# Privacy Audit - DPO Ablation Training (Stage 2)

Train two DPO variants for canary ablation experiment:
- **Section A**: DPO-no-canary (preference data without canary pairs)
- **Section B**: DPO-with-canary (preference data with canary pairs)

Both variants use the same SFT base model and identical hyperparameters.

**Prerequisites:**
1. Upload the following files to Colab:
   - `data/wiki_trimmed_with_canary.jsonl`
   - `data/canary_output.txt`
   - `models/stage1_sft/` folder
   - `src/prepare_preference_data.py`
   - `src/train_dpo.py`

## 1. Install Dependencies

In [48]:
!pip install -q datasets transformers peft trl accelerate

## 2. Check GPU

In [49]:
import torch
print(f"PyTorch version: {torch.__version__}")
print(f"CUDA available: {torch.cuda.is_available()}")
if torch.cuda.is_available():
    print(f"GPU: {torch.cuda.get_device_name(0)}")
    print(f"GPU Memory: {torch.cuda.get_device_properties(0).total_memory / 1e9:.1f} GB")
else:
    print("Warning: No GPU detected. DPO training requires a GPU.")
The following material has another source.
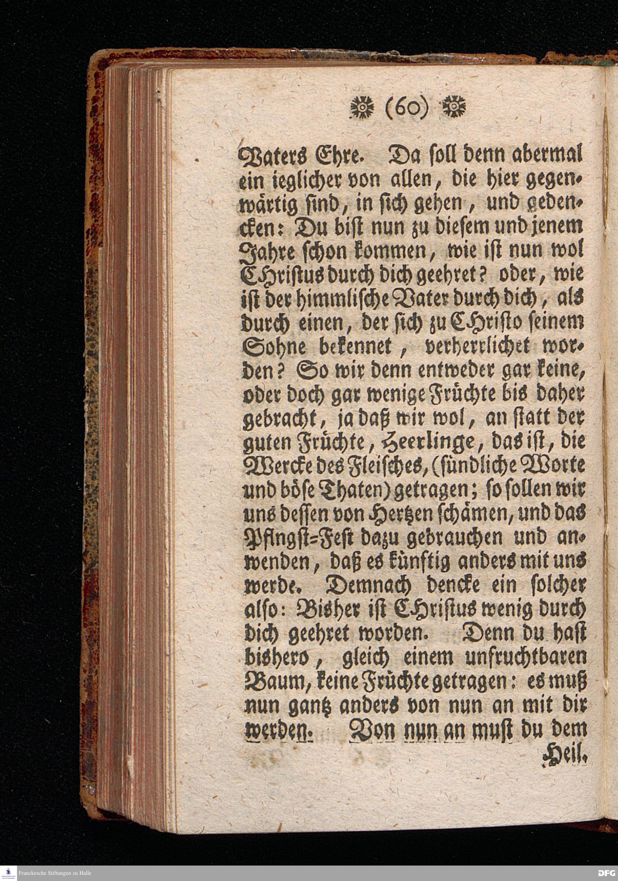 Vorbereitung auf das Heilige Pfingst=Fest, nach Anleitung Der Worte Pauli 1.Cor.XII,3. [Bibelzitat.] in öffentlicher Versammlung auf dem Wäysen=Hause zu Glaucha an Halle, den 7.Jun.1710. ertheilet Von August Hermann Francken, S.Theol.Prof.Ord.und Past.zu St.Ulrich, und des Gymnasii Scholarcha. Dritte Auflage. HALLE, in Verlegung des Wäysen=Hauses, 1741.

PyTorch version: 2.9.0+cu126
CUDA available: True
GPU: Tesla T4
GPU Memory: 15.8 GB


## 3. Configure Paths

In [54]:
import os

# Base model (downloaded from HuggingFace)
BASE_MODEL_NAME = "Qwen/Qwen2.5-0.5B-Instruct"

# Uploaded paths (adjust based on your Colab upload location)
SFT_MODEL_DIR = "./stage1_sft"
WIKI_FILE = "./data/wiki_trimmed_with_canary.jsonl"
CANARY_FILE = "./data/canary_output.txt"
PREPARE_SCRIPT = "./src/prepare_preference_data.py"
TRAIN_SCRIPT = "./src/train_dpo.py"

# Output paths
DATA_NO_CANARY = "./data/preference_data_no_canary.jsonl"
DATA_WITH_CANARY = "./data/preference_data_with_canary.jsonl"
OUTPUT_NO_CANARY = "./stage2_dpo_no_canary"
OUTPUT_WITH_CANARY = "./stage2_dpo_with_canary"

# Verify uploaded files
required_files = [
    (SFT_MODEL_DIR, "SFT model directory"),
    (WIKI_FILE, "Wiki data file"),
    (CANARY_FILE, "Canary file"),
    (PREPARE_SCRIPT, "Preference data script"),
    (TRAIN_SCRIPT, "DPO training script"),
]
all_ok = True
for path, desc in required_files:
    exists = os.path.exists(path)
    status = "OK" if exists else "MISSING"
    print(f"  [{status}] {desc}: {path}")
    if not exists:
        all_ok = False

if all_ok:
    print("\nAll files verified!")
else:
    print("\nSome files are missing. Please upload them before proceeding.")

  [OK] SFT model directory: ./stage1_sft
  [OK] Wiki data file: ./data/wiki_trimmed_with_canary.jsonl
  [OK] Canary file: ./data/canary_output.txt
  [OK] Preference data script: ./src/prepare_preference_data.py
  [OK] DPO training script: ./src/train_dpo.py

All files verified!


## 4. Prepare Preference Data (Two Variants)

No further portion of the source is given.